In MDR GNB, the hallmark for resistance to aminoglycosides is enzymatic inactivation or modifications such as aminoglycoside-modifying enzymes (AMEs), which are readily expressed by many MDR GNB [59]. In the previous limited studies, amikacin’s ASTs were usually higher than those of gentamycin against MDR GNB, despite the cautious calls for the accurate interpretation of CLSI and EUCAST breakpoints for amikacins, especially during co-occurrence of AMEs with CRGs [62,63]. Additionally, Salmonella species, particularly resistant strains, have poor permeability to aminoglycosides, reflected by the universal resistance in our cohort (100%) [64].

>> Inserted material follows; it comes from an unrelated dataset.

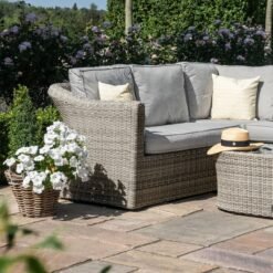 The Oxford range combines the classic weave with a beautiful grey coloured weave that creates a timeless finish. The grey coloured cushions sit perfectly with the weave, creating a modern, elegant style. We recommend storing cushions inside overnight. As with all Maze products, it is made from the highest quality material, woven onto a powder-coated aluminium frame that ensures its use all year. The Oxford Small Corner Group is recognisable for the thick shaped arms and backs to the set.

It is certainly worth highlighting the high-level resistance of the MDR GNB in our cohort to quinolones. For E. coli, identical resistance to ciprofloxacin and levofloxacin was found (68.6%), while for Klebsiella species, it was 80.8% and 64.1%, respectively. Quinolones represent an attractive therapeutic alternative for GNB because of their unique mode of action, inhibiting DNA synthesis but hindered by the escalating resistance in MDR isolates, which started almost two decades ago [65]. This usually occurs because of the frequent co-transmission of plasmid-mediated quinolone-resistance genes (QRGs) that impede its activity [66]. In GNB bacteremia, quinolone resistance has been shown to be associated with MDR for related pathogens, as well as an independent risk factor for prolonged hospital stays [67]. This can be challenging during the management of invasive disease; for example, although quinolones are classically associated with the management of Salmonella infections, all the cohort’s isolates were resistant.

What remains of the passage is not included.